Data extracts:
* * * *

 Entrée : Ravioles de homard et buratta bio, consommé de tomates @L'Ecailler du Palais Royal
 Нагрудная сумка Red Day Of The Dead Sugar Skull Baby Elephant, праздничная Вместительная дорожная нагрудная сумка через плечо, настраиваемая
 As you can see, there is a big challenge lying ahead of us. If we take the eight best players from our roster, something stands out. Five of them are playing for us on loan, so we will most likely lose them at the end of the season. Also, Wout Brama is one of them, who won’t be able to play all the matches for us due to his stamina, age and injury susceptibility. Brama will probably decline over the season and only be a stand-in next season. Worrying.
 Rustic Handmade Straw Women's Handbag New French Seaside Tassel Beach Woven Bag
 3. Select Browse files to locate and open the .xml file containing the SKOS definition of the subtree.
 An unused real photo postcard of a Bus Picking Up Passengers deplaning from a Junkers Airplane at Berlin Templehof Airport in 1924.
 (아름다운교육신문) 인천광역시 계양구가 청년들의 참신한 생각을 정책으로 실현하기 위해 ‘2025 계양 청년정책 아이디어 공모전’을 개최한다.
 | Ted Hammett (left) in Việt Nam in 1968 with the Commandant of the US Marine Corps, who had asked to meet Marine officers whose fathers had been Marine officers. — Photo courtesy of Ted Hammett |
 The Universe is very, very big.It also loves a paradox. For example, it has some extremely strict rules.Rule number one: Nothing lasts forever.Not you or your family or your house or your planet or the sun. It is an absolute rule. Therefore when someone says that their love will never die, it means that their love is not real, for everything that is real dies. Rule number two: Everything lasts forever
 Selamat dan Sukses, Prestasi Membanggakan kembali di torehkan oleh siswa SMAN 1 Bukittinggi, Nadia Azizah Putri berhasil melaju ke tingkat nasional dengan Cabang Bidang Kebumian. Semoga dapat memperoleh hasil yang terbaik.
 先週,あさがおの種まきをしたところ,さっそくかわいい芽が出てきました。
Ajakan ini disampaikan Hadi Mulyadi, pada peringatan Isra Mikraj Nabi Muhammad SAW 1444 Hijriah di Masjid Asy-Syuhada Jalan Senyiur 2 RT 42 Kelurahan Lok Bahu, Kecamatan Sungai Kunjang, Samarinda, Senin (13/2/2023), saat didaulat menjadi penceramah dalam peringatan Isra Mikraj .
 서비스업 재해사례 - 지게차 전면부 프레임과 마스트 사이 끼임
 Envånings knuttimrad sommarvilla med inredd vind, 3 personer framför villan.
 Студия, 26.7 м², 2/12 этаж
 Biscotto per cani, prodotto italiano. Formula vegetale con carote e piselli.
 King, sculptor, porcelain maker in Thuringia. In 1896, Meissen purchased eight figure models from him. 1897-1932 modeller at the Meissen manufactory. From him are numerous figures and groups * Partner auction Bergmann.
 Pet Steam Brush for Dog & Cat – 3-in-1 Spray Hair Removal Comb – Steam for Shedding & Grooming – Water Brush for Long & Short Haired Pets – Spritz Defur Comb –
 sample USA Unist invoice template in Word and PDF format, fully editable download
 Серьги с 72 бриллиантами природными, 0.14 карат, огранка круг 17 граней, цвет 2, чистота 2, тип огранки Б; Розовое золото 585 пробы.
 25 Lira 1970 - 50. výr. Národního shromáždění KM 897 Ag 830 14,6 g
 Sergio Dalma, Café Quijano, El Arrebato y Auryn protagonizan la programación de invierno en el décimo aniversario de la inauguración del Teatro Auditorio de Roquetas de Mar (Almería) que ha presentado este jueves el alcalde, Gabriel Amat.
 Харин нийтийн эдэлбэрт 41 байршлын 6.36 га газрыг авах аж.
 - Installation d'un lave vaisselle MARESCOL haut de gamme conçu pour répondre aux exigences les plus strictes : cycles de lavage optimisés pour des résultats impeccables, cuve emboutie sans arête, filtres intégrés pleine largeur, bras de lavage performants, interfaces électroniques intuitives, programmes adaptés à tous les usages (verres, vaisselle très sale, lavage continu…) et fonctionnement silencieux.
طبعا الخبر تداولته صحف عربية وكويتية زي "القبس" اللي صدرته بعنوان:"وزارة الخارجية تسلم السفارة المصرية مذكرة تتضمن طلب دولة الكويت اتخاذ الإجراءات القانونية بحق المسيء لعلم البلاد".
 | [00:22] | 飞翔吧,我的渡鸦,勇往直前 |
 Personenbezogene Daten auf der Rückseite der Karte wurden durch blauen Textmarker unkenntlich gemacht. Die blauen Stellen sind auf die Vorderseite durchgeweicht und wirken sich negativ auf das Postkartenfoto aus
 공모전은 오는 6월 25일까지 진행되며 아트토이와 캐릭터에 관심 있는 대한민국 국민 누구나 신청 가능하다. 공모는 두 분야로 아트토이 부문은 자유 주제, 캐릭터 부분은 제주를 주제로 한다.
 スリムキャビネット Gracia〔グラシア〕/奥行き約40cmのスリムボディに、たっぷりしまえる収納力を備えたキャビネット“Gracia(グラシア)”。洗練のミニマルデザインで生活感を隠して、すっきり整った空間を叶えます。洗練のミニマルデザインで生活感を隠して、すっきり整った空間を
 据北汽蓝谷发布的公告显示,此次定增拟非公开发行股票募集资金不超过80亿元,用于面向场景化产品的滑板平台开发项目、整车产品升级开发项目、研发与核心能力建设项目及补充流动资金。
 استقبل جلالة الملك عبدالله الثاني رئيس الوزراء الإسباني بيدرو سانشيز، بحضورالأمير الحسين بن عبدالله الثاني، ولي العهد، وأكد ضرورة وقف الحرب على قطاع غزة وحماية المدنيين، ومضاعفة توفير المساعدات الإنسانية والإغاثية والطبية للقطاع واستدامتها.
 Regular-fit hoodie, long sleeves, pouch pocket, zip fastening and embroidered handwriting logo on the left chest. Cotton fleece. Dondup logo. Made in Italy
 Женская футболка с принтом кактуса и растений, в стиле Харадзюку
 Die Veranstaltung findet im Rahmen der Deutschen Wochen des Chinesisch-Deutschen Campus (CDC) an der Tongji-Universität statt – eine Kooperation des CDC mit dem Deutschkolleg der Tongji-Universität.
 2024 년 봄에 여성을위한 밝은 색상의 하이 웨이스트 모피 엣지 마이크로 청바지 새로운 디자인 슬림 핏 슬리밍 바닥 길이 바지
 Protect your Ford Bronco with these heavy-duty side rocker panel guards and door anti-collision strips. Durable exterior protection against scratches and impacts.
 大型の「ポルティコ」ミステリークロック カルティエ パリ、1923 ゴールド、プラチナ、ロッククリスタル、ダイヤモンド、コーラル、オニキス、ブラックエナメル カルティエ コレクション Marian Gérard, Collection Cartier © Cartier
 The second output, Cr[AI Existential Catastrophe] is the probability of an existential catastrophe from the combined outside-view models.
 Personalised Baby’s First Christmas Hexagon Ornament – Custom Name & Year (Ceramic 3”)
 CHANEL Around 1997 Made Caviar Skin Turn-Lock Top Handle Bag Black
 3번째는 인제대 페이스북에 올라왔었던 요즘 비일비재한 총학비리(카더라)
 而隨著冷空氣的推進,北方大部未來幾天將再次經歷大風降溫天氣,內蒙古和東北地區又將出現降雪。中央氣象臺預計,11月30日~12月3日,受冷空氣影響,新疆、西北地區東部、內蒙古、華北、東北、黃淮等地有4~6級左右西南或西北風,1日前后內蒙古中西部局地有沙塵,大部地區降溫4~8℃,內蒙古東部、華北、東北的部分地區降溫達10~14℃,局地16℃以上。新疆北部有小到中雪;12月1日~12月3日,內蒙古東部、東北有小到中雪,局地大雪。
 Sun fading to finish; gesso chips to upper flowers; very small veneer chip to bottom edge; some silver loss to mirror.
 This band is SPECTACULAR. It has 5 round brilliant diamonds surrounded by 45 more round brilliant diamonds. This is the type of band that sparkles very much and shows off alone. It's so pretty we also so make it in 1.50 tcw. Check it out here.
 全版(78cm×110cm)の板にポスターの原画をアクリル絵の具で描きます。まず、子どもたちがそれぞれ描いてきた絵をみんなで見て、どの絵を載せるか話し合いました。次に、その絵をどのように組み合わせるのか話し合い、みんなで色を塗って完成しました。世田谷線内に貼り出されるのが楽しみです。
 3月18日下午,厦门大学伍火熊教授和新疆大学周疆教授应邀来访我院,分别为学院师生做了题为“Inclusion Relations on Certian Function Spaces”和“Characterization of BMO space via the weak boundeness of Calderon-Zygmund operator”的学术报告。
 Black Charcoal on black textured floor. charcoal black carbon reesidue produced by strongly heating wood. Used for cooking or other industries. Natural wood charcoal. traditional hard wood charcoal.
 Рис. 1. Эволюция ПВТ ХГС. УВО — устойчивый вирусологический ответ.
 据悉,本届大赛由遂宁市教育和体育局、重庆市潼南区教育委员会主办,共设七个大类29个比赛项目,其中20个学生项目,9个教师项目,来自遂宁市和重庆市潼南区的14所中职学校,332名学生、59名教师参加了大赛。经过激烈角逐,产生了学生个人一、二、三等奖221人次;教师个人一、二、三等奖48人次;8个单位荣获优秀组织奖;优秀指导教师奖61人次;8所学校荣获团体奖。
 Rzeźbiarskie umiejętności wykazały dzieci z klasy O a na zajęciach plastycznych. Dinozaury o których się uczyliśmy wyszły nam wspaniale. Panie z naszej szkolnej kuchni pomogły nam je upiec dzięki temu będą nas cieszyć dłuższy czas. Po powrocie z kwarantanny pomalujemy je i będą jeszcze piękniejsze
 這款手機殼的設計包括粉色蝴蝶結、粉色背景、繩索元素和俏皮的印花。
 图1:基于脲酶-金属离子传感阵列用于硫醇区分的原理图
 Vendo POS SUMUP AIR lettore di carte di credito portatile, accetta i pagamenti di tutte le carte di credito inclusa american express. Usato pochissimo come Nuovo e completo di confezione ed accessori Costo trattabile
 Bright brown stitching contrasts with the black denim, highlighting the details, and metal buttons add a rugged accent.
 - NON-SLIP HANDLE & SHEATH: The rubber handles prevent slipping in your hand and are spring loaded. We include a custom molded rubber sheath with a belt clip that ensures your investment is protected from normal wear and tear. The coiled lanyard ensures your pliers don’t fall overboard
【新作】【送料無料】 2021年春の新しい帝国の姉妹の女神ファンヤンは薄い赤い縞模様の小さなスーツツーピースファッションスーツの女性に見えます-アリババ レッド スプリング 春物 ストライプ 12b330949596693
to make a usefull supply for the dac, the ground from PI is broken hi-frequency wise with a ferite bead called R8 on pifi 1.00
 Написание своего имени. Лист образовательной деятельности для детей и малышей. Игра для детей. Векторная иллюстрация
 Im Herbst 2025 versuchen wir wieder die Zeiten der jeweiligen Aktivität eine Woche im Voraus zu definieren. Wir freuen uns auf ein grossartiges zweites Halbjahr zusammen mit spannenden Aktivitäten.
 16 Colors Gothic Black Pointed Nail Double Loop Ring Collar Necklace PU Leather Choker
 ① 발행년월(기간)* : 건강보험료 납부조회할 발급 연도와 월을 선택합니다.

* * * *

Brief: Could you state how many lines of the records contain "left"? Give the number and nothing else.

Task output: 2